I’m flying away now, bye bye…

When I’m afraid of something that I know I cannot or should not escape from, I usually end up drifting into a state of mind in which I become terrified to move emotionally. The time before I left was one in which I was in such a state of mind. What is the last thing you do with the people you care about before leaving when you aren’t sure when you’ll see them again?

When I was with Anouk I felt similarly. I preferred to do nothing, rather than something that could potentially have a significant impact on both our lives. It’s probably the dumbest way to behave in any situation, and especially in a relationship, but I guess not everyone knows that at 21. At least that’s what I keep telling myself.

Over the last (almost) four weeks I had an amazing time back here in Germany. Seeing everything from more of an outsider’s perspective was quite the interesting experience, which does not mean I didn’t feel at home right away. I know that I’m happy with most of my choices, but I also can’t pretend not missing everyone tremendously, even those who were not that close to me to begin with. And yet there is something worse than that feeling of melancholy; it’s looking into someone’s eyes and seeing that sad glint, that desperate look of panic, knowing that you are about to leave soon. During the last few days I was almost terrified to look into anyone’s eyes for too long, afraid his or her look may pull me down instantaneously. I just wish no one would have to suffer because of my admittedly rather selfish decisions.

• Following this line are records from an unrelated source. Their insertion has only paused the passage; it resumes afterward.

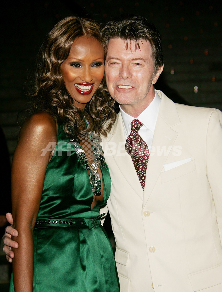【ニューヨーク/米国 25日 AFP】ニューヨーク市内で、4月25日から5月6日まで第6回トライベッカ映画祭(Tribeca Film Festival)が行われる。開幕を記念して24日、雑誌「ヴァニティ・フェア(Vanity Fair)」主催のパーティーが行われた。写真は会場に姿を現したミュージシャンのデヴィッド・ボウイ(David Bowie、右)と妻でモデルのイマン(Iman)。(c)AFP/Getty Images Evan Agostini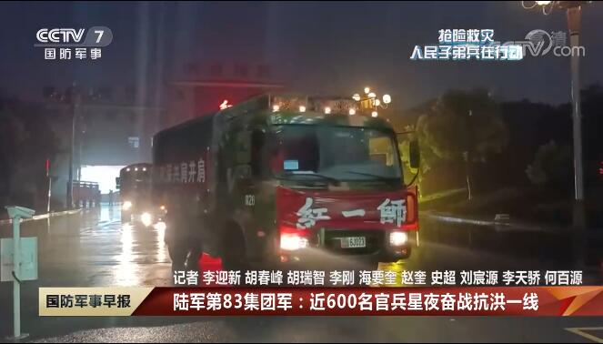 截至发稿时,中部战区陆军第83集团军共有近600名官兵坚守抗洪救灾一线。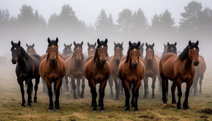 В тумане, где видимость ограничена, тени, игра света и тени, контуры деревьев или холмов могут быть интерпретированы мозгом как силуэты животных, в данном случае лошадей. Мозг «достраивает» изображение, основываясь на имеющихся знаниях и ожиданиях. Туман может создавать оптические иллюзии, искажая размеры и расстояния. Из-за этого обычные объекты могут казаться больше или принимать необычные формы, напоминающие животных. Особая структура тумана, освещение на рассвете и рельеф местности могут в совокупности создавать условия для появления необычных визуальных эффектов, которые люди интерпретируют как силуэты лошадей.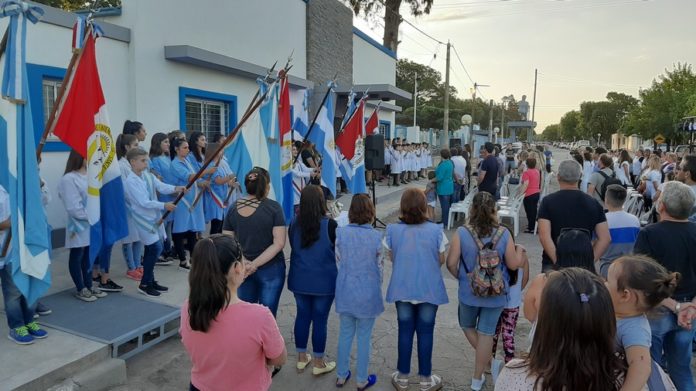 Tras la bienvenida, ingresaron las banderas de ceremonia y luego, se entonaron las estrofas del Himno Nacional Argentino, interpretado en Lengua de Señas por alumnos de sexto año de la Escuela Laprida.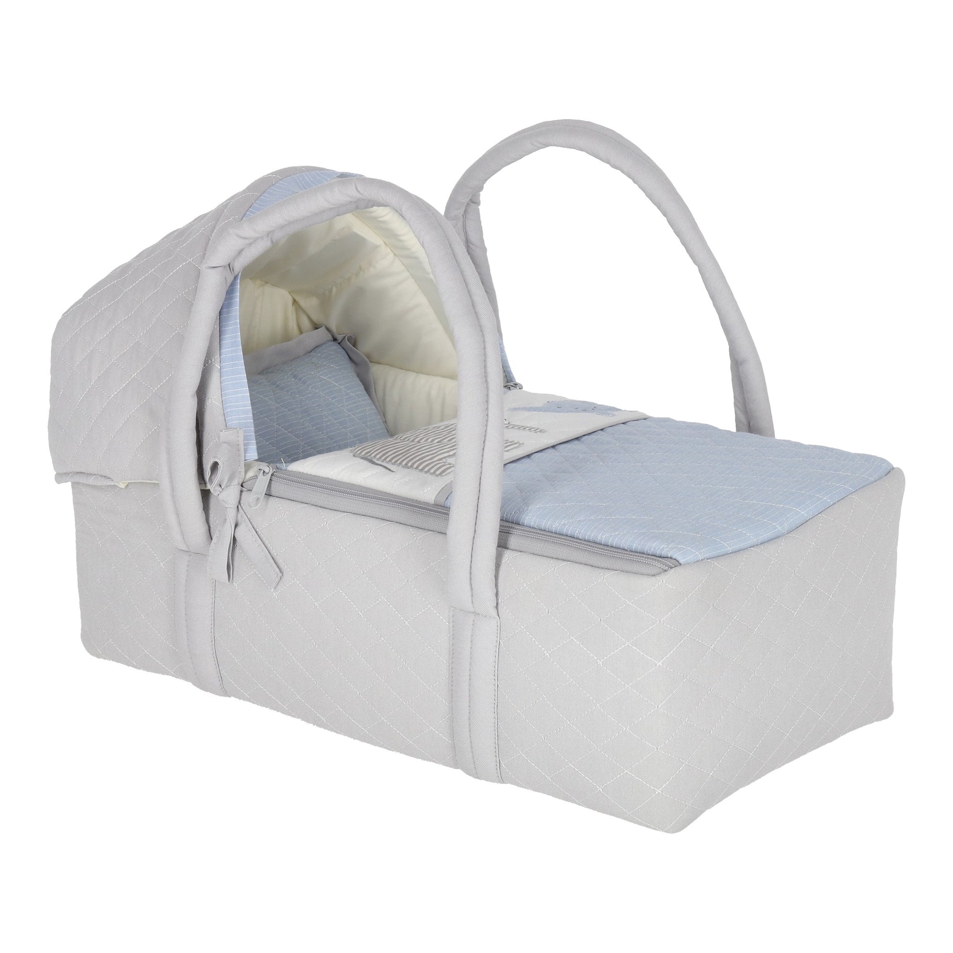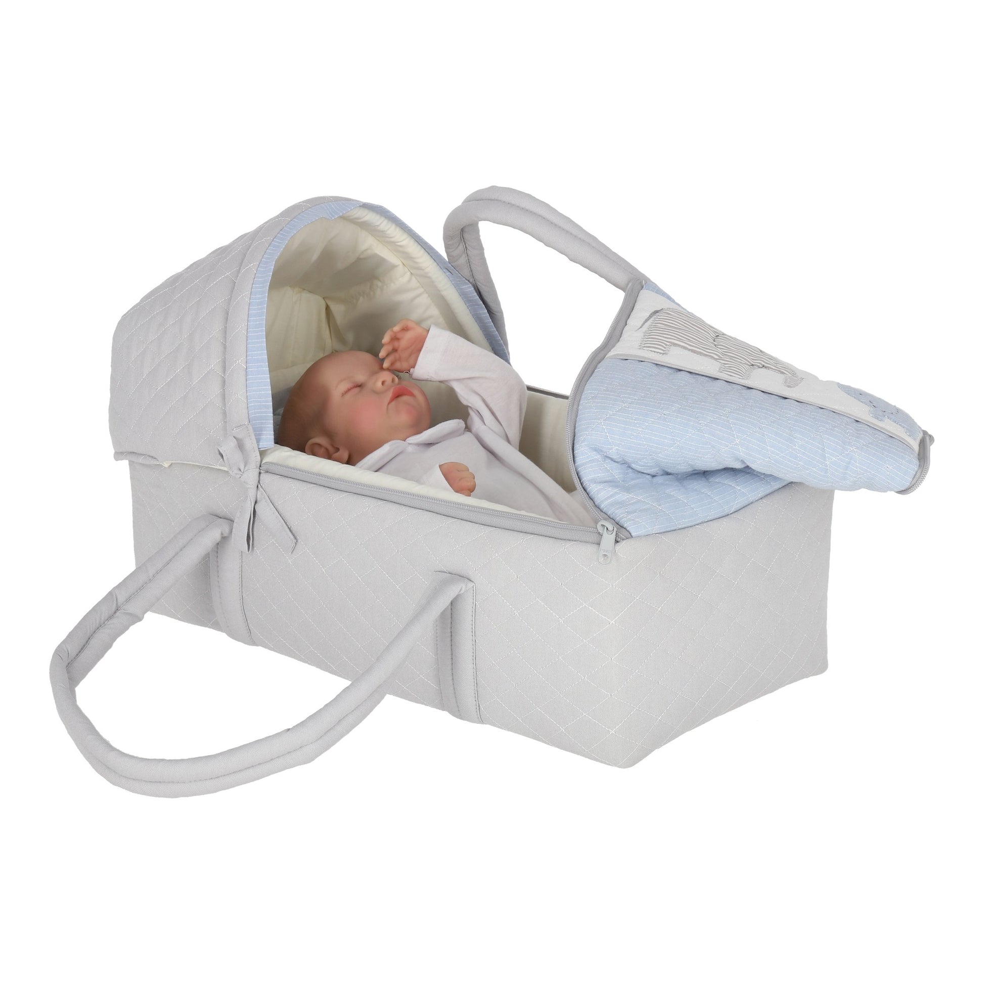 Bambineto para muñeca. Base y gorro de tela capitonada color gris con azul pastel. La tapa tiene un detalle de bordado con tiernos elefantes en tonos de gris y azul pastel. Ideal para que las niñas juegues con su muñeco niño o niña, acuesten a sus bebés, los pongan al lado de su cama como cunas y las lleven a cualquier lado. Las asas de tela están súper reforzadas para cargar a la muñeca a cualquier lugar. Armazón es de fierro soldado super resistente, incluye colchón con sábana de cajón blanca.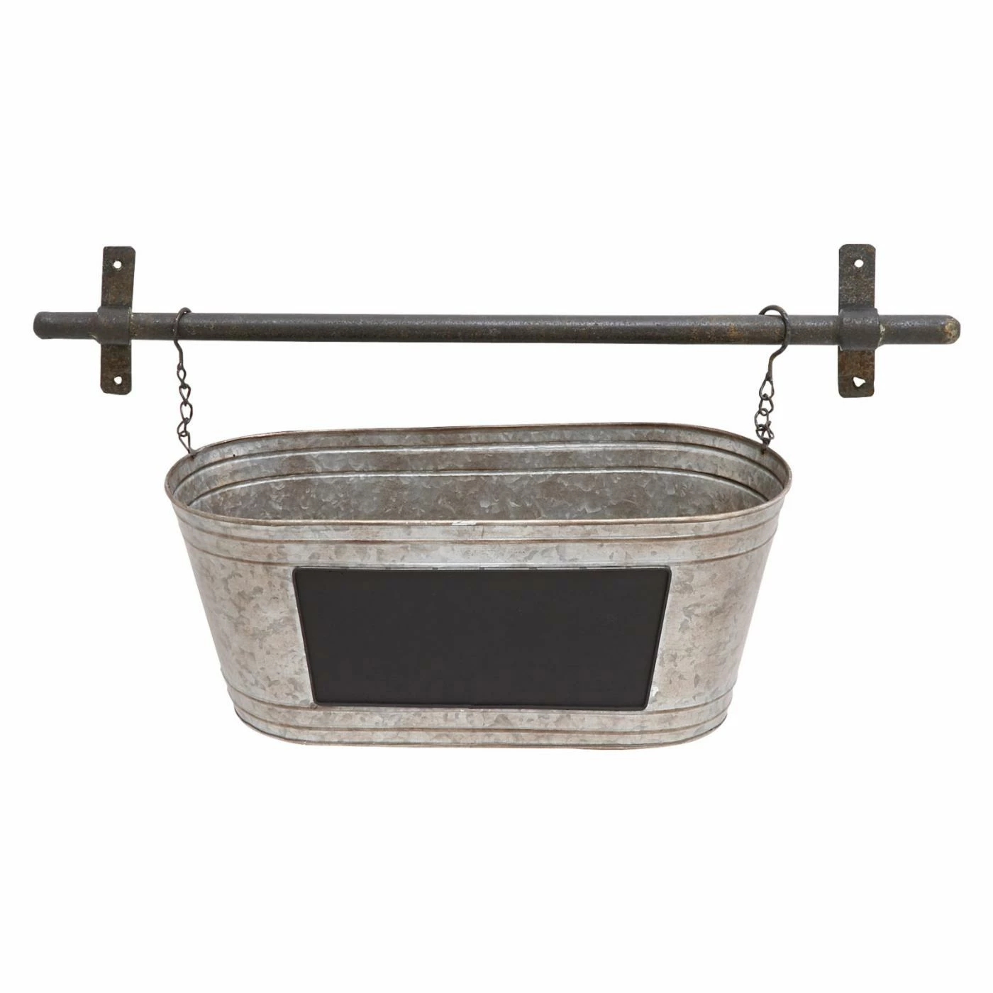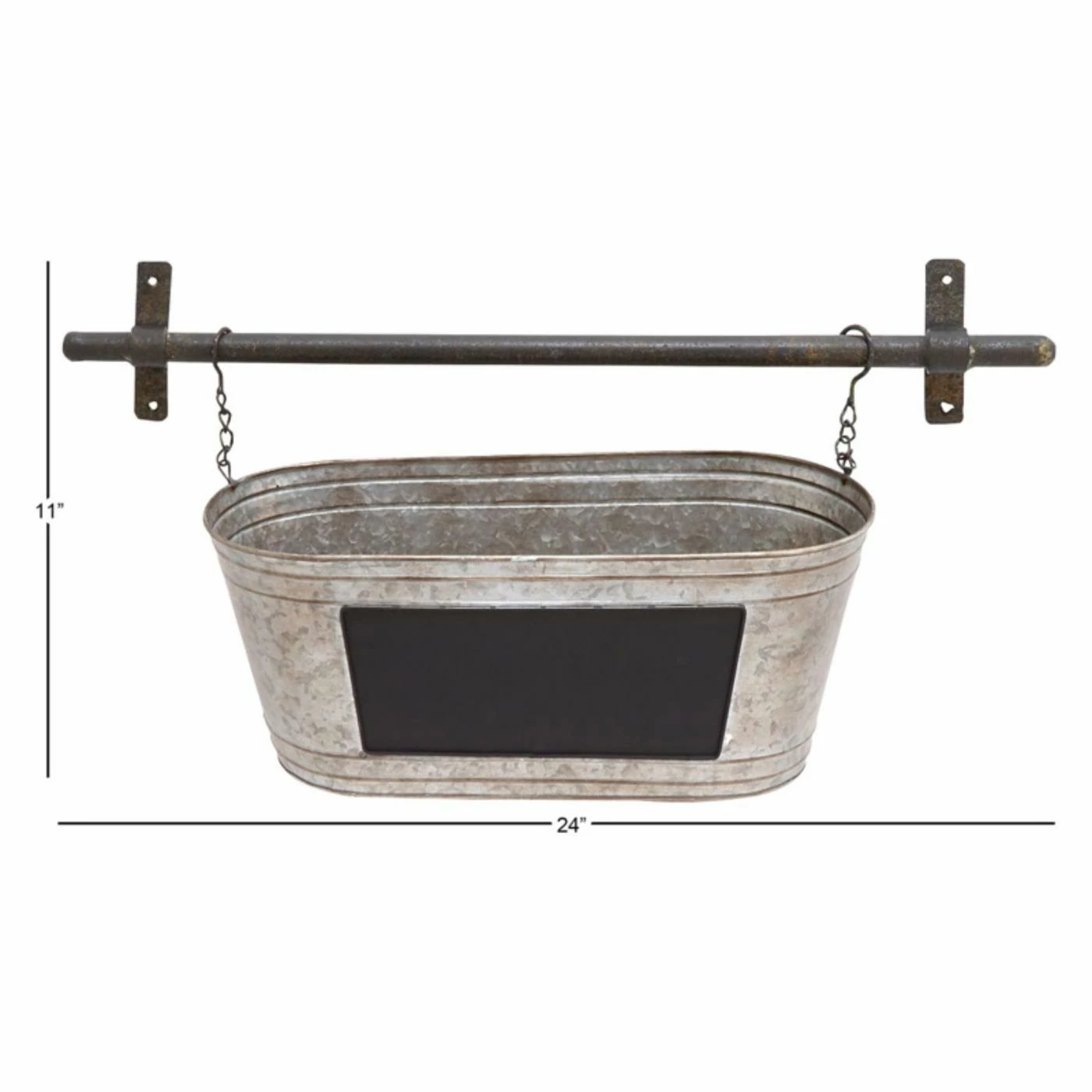 Fill this DecMode Metal Wall Planter with a collection of your favorite herbs, flowers, or vegetable plants to a modern industrial look. The planter features a sturdy black iron mounting bar and hooked chains for easy hanging. The rustic, oval-shaped tub boasts a distressed gray finish and blackboard front for personalization.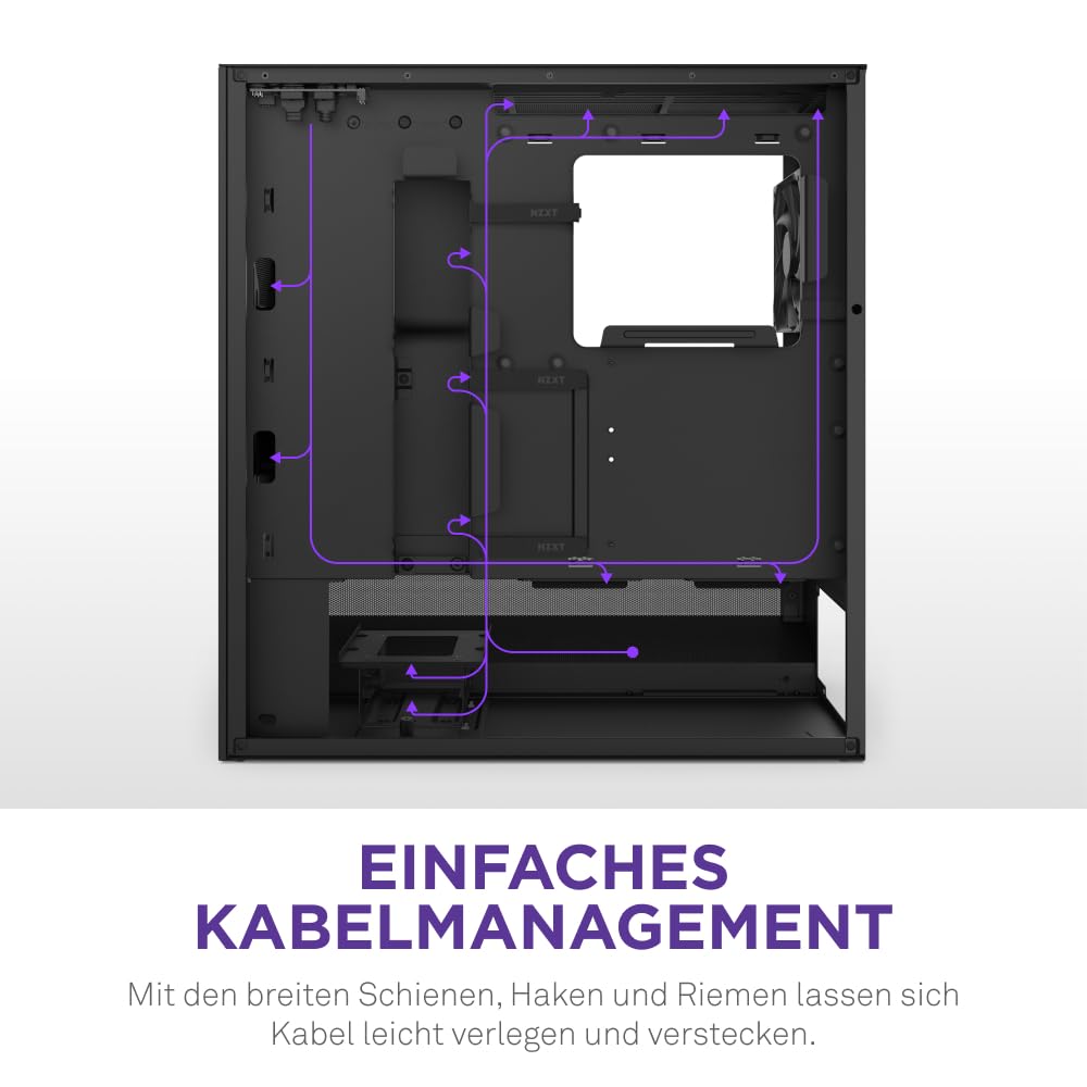 - Durchdachtes Kabelmanagement: Breite Kanäle, Haken und Klettbänder erleichtern das saubere Verlegen und Verstecken der Kabel für eine aufgeräumte Optik und besseren Luftfluss.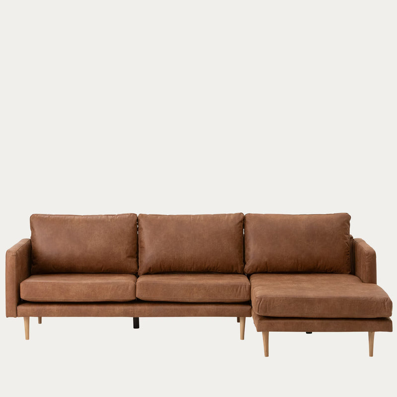 Copenhagen divaanisohva on konjakinruskea sävyltään, joka tuo lämpöä ja kodikkuutta sisustukseen. Sohva on verhoiltu bonded-materiaalilla, mikä antaa sille tyylikkään ja ajattoman ilmeen.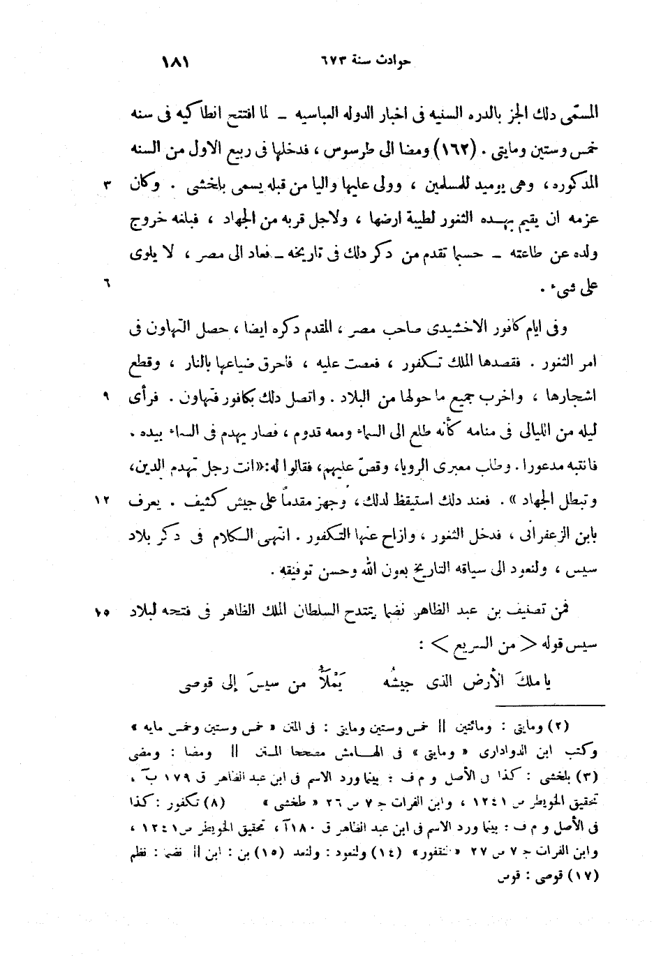 (2) ومايتى: ومائتين--خمس وستين ومايتى: فى المتن «خمس وستين وخمس مايه» وكتب ابن الدوادارى «ومايتى» فى الهامش مصححا المتن--ومضا: ومضى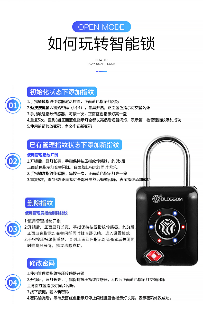 BLOSSOM padlock fingerprint lock Combination lock TSA overseas travel luggage lock gym file cabinet lock Cupboard locks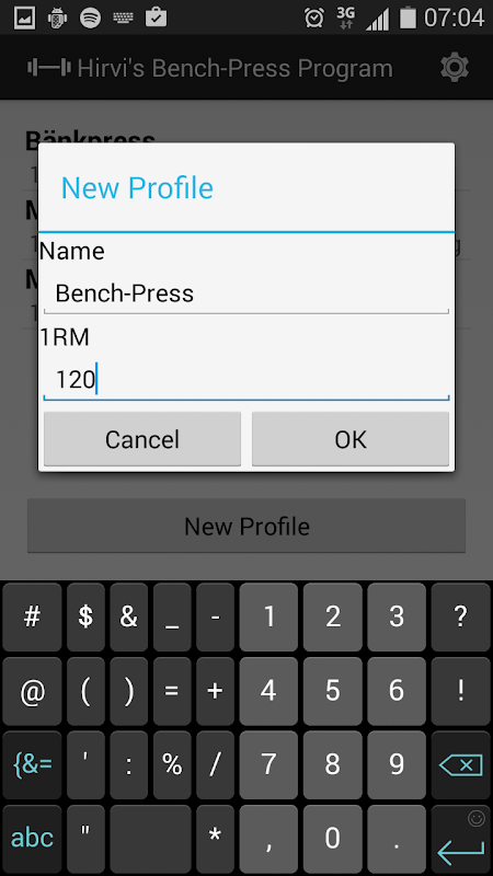 التطبيق بتتبع الخاص بك التدريبات (مجموعات، ممثلين، الوزن) ويسجل التقدم المحرز الخاص بك. يمكنك إنشاء حالة profile.in أكثر من واحد كنت ترغب في استخدام البرنامج لمزيد من التدريبات من مقاعد البدلاء الصحافة.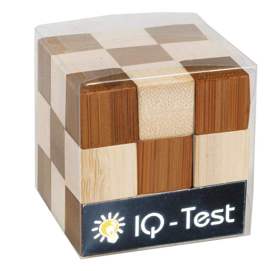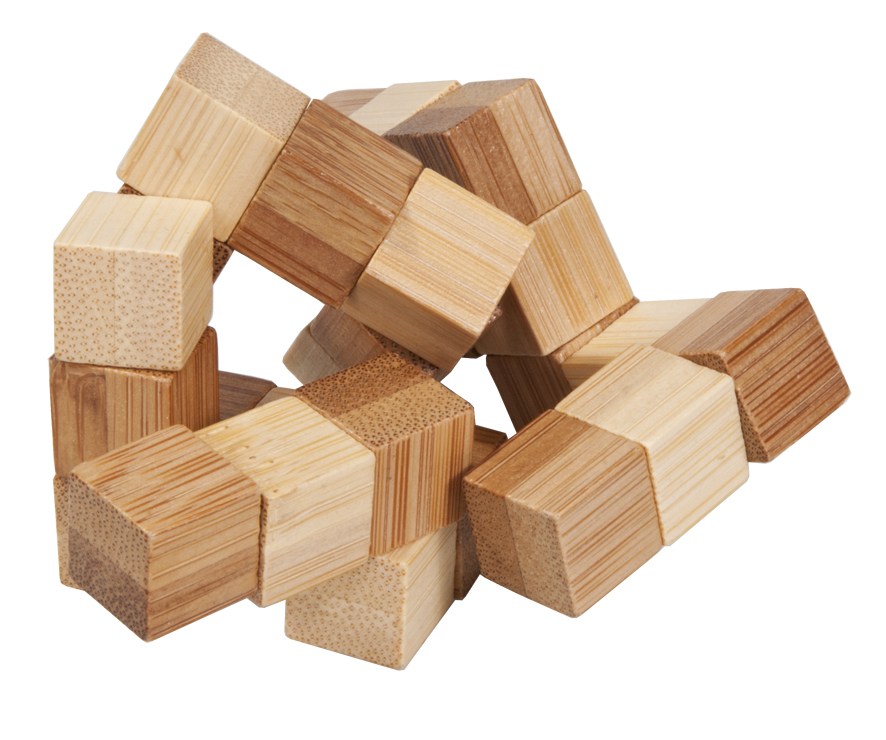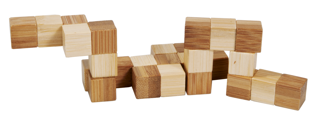 Der Schlangenwürfel in hellem und dunklem Bambus besteht aus 27 mit einem Gummiband verbundene Bambusteile, die man zu verschiedenen Formen anordnen kann.

Interestingly there’s also a positive aspect to being so far away from home. I’ve reestablished old friendships that I used to be convinced had withered a long time ago. Being aware of the little time that is at my disposal forces me to appreciate every little moment so much more, an awareness that I had almost lost entirely before I left. It may sound cheesy, but we don’t live forever, and that’s something we too often like to forget.

Germany

There was a moment the night before I moved out when I suddenly realized what I was doing, what I was sacrificing, whom I was leaving behind. For a second my whole venture of moving to the US felt like the dumbest idea I had ever had. It was like my brain clicked and decided it was time to force me into thinking of a million reasons why not leaving would be a brilliant move. A rationally brilliant move. But life’s decisions rarely have anything to do with reason, and so I turned my brain off, closed my eyes and started running.

Running turned out to be one of the best decisions of my life. I still miss Germany more often than not, which is why I was thrilled to hop on a plane and see my friends and family for a late Christmas and an on-time New Year’s. Now that I’m finally here, eight days after stepping onto a snow and ice covered airfield in Frankfurt, I feel like it’s time for me to do some reflecting.

If there is one thing in life that terrifies me, then it’s the idea of being stuck in one place for too long. The freedom to move, or in other words to just hop on a plane and leave to anywhere on the planet is incredibly important to me. I’m not sure if that’s a result of the four years I spent in India as a child, or whether it’s a genetic flaw that I’ve inherited from my parents.

Either way it’s a good thing my sister has just been hired as a stewardess by one of the world’s most prestigious and renowned airlines, the German Lufthansa. Word on the street is that she can take along two friends of her liking (for free) on any and every flight she works on, not to mention provide all members of her family with incredibly cheap tickets (remember, I’m her brother). Even better is that she will actually be the first person to make good on her promise to visit me in Frisco. Her first flight to SF is at the beginning of February. Man, I’m so excited.

So yeah, being back in Germany is great. What’s better, however, is knowing that I will always have a home here. Being able to enjoy the many privileges of living in a city like San Francisco, while calling a place like Germany my second (or first?) home is one of the dreams I’ve always had as a child for when I grow up.